Some people have the flawed understanding that the Constitution requires a complete separation of church and state. The “wall of separation” phrase that was coined by Thomas Jefferson, does not exist in the Constitution and did not appear in Supreme Court jurisprudence until the 1946 case of Everson v. Board of Education, 330 U.S. 1 (1947) in which the Supreme Court upheld the right of New Jersey to use public funds to pay for transportation of children to a private, religious school. The more accurate standard to reflect the relationship between the two is that reasonable accommodation is allowed provided there is not excessive entanglement. Chief Justice Rehnquist addressed this on June 27, 2005 in Van Orden v. Perry; 545 U.S. ____ (2005) [Slip Opinion, p.8] where the Supreme Court upheld the placement of a Ten Commandments monument on the grounds of the Texas State Capitol:

Recognition of the role of God in our Nation's heritage has also been reflected in our decisions. We have acknowledged, for example, that “religion has been closely identified with our history and government,” School Dist. of Abington Township v. Schempp, 374 U.S., at 212, and that “[t]he history of man is inseparable from the history of religion,” Engel v. Vitale, 370 U.S 421, 434 (1962). This recognition has led us to hold that the Establishment Clause permits a state legislature to open its daily sessions with a prayer by a chaplain paid by the State. Marsh v. Chambers, 463 U.S., at 792. Such a practice, we thought, was “deeply embedded in the history and tradition of this country.” Id., at 786.

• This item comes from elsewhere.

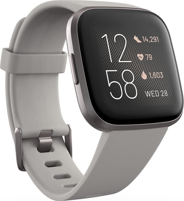 Fitbit Versa 2 smartwatch kombinerar en ren och elegant design med avancerade funktioner. Den låter dig använda röstkommandon för att sätta alarm, kontrollera vädret och mycket annat.Läs mer om produkten
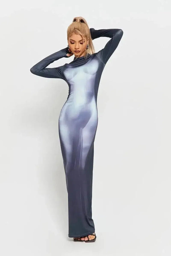 3D Körperdruck Super Langarm Body Robe Partykleid

Finally, it seems to me that if the City of Frederick is serious about tolerating and celebrating the rich diversity of its citizenry, that we should want to learn and understand the religious and philosophical foundations of one another. By allowing someone to offer an invocation at a Board of Aldermen meeting does not mean that the City subscribes to the religious views of the one speaking or praying. It was my understanding when Mayor Holtzinger asked me to offer an invocation at our first meeting, that he would extend the same offer to others in the future, and without telling them how to do it. I hope that this happens. If we are a tolerant and inclusive people, we will appreciate learning about religious views of others.